**Work task:** Where an image appears, leave it out; otherwise repeat the data exactly.

**Data shown:**

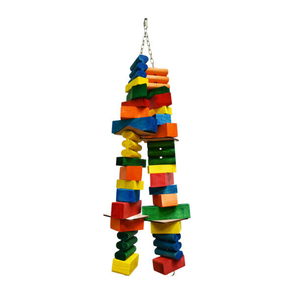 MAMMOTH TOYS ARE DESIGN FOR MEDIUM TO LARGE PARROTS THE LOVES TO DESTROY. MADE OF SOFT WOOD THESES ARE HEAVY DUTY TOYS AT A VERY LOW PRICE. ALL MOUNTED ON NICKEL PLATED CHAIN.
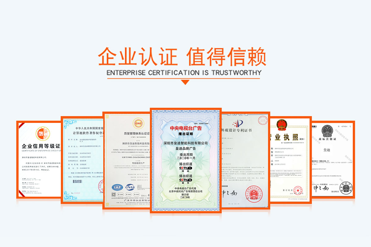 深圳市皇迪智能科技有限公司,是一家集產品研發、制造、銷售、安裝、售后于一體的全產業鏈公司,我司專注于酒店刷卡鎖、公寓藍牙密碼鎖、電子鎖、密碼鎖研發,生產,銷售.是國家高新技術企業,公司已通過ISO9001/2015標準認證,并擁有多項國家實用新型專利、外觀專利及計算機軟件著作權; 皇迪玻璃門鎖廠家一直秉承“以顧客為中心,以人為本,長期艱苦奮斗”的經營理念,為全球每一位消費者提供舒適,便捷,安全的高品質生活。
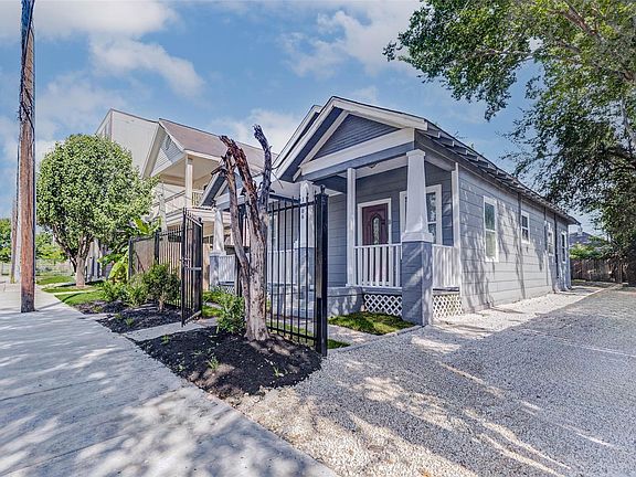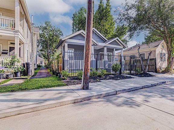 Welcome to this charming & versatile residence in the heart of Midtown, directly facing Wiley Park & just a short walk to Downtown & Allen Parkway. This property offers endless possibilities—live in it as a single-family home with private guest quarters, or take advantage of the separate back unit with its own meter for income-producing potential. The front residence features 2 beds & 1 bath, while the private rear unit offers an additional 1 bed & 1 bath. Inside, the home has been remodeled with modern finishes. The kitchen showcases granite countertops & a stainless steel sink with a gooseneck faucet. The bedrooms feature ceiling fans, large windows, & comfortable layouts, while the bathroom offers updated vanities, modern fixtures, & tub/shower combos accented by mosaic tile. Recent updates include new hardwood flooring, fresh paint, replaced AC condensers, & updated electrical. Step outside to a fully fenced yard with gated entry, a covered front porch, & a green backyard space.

**Answer section:**
 MAMMOTH TOYS ARE DESIGN FOR MEDIUM TO LARGE PARROTS THE LOVES TO DESTROY. MADE OF SOFT WOOD THESES ARE HEAVY DUTY TOYS AT A VERY LOW PRICE. ALL MOUNTED ON NICKEL PLATED CHAIN.
 深圳市皇迪智能科技有限公司,是一家集產品研發、制造、銷售、安裝、售后于一體的全產業鏈公司,我司專注于酒店刷卡鎖、公寓藍牙密碼鎖、電子鎖、密碼鎖研發,生產,銷售.是國家高新技術企業,公司已通過ISO9001/2015標準認證,并擁有多項國家實用新型專利、外觀專利及計算機軟件著作權; 皇迪玻璃門鎖廠家一直秉承“以顧客為中心,以人為本,長期艱苦奮斗”的經營理念,為全球每一位消費者提供舒適,便捷,安全的高品質生活。
 Welcome to this charming & versatile residence in the heart of Midtown, directly facing Wiley Park & just a short walk to Downtown & Allen Parkway. This property offers endless possibilities—live in it as a single-family home with private guest quarters, or take advantage of the separate back unit with its own meter for income-producing potential. The front residence features 2 beds & 1 bath, while the private rear unit offers an additional 1 bed & 1 bath. Inside, the home has been remodeled with modern finishes. The kitchen showcases granite countertops & a stainless steel sink with a gooseneck faucet. The bedrooms feature ceiling fans, large windows, & comfortable layouts, while the bathroom offers updated vanities, modern fixtures, & tub/shower combos accented by mosaic tile. Recent updates include new hardwood flooring, fresh paint, replaced AC condensers, & updated electrical. Step outside to a fully fenced yard with gated entry, a covered front porch, & a green backyard space.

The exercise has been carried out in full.